Hi Charles! Thanks for bringing this to my attention. I figured out what it is, and it's a surprisingly basic error😅:

Three cosines of wavelength $\lambda$ constructively interfere on the vertices of a regular hexagon with small radius (centre to midpoint of any edge) $\lambda$ and long-radius (centre to any vertex, ie gridscale) $\frac{2}{\sqrt{3}}\lambda$. Thus the magic number is actually $\frac{2}{\sqrt{3}} \approx 1.15$. Currently the parameter "gridscale" which users enter is (in 2D) the distance to the nearest edge, not the gridscale. Oops!
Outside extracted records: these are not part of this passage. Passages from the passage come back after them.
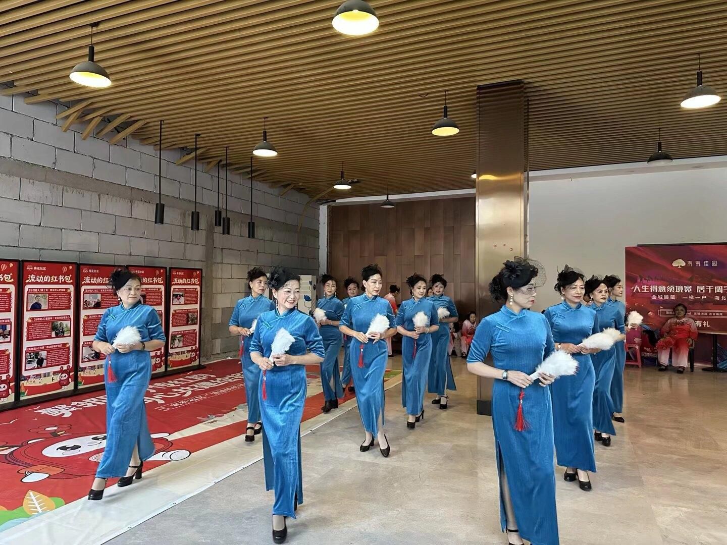 表演环节6个节目轮番登场,个个饱含心意。邻里情舞蹈团队带来的开场鼓舞《精忠报国》瞬间点燃氛围,凤彩时装艺术团的旗袍秀《万水千山总是情》尽显东方美与邻里情,长青舞蹈队的双扇舞《祝福祖国》传递对生活的热爱,将花社区工作人员合唱的《天地龙鳞》让居民倍感亲切,脱口秀《从社恐到社牛的社区奇遇记》以接地气的故事逗得现场笑声不断,金光闪闪舞蹈队的民族舞《把最美的歌唱给妈妈》为表演环节画上温情句号。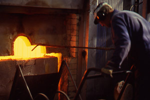 Göran Wärff with master craftsmen at Kosta Glassworks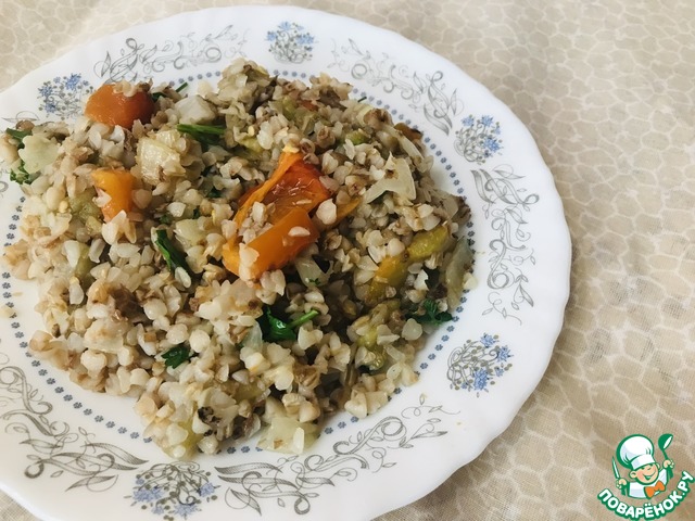 Добавить к гречке, аккуратно перемешать. Добавить рубленую зелень, оставшееся растительное масло. Подержать пару минут на огне.

I'm really quite surprised this hasn't been spotted before by others/me/reviewers etc. but glad it has.

The fix is obviously pretty simple but as I was writing it I realised the grid cell code may benefit from a more comprehensive restructure to make it all clearer. It also now differs from the formula in the methods so some docs should be updated too. I won't have time to do this right now but I'll leave this issue open until I do.
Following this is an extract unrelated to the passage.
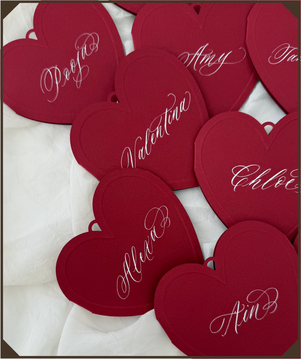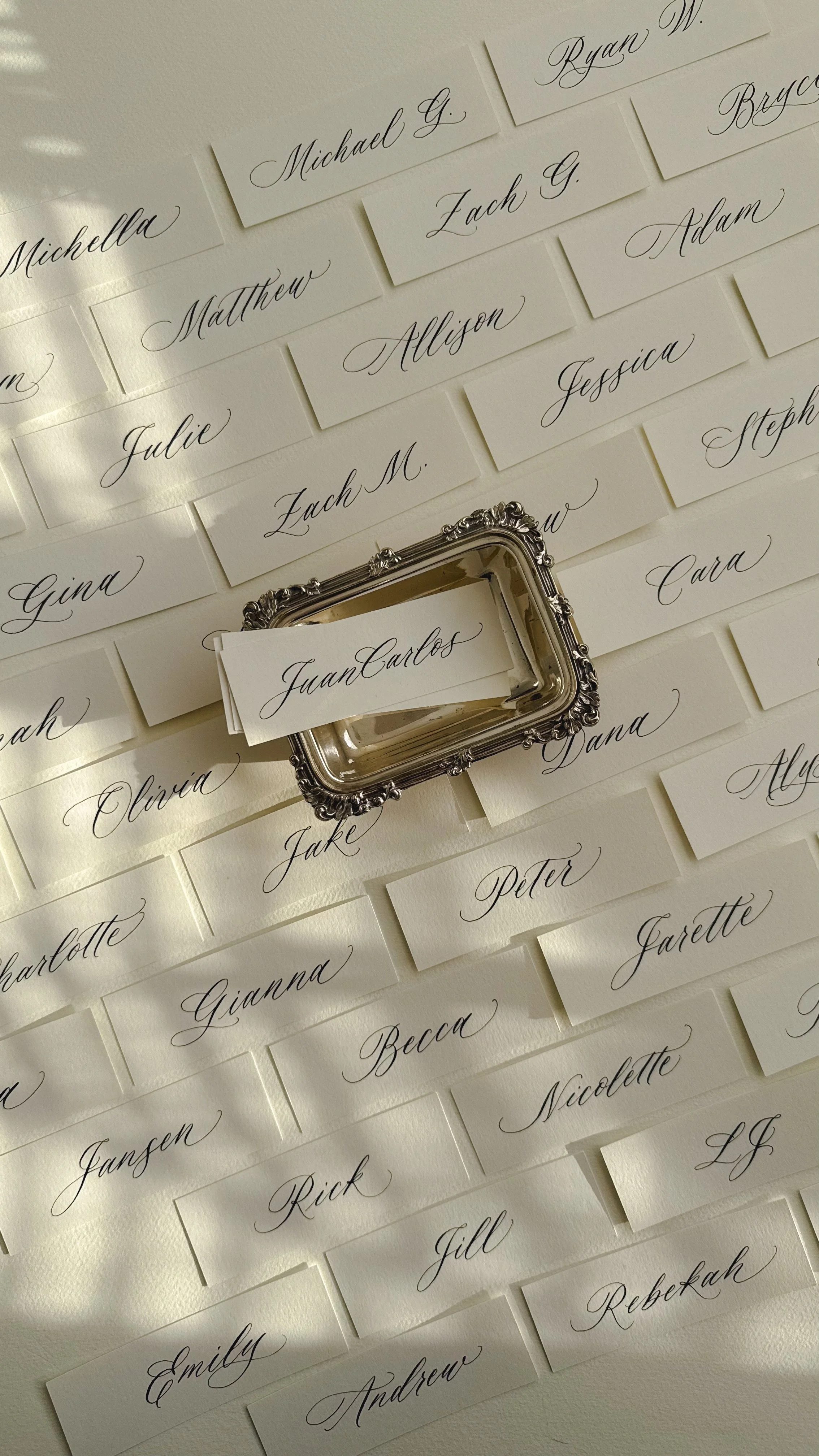 From interactive live calligraphy for your event, bespoke place cards, and engraved keepsakes, we’re all about the small details that make every moment feel intentional.

Does this unblock you for the moment?

Image

TomGeorge1234 avatar Mar 12 '25 04:03 TomGeorge1234

Thanks for spotting the source of the error so simply!

Definitely helps me understand idealised grid cell models better and is a precise fix to the issue.

Glad I could help noticing it in this code.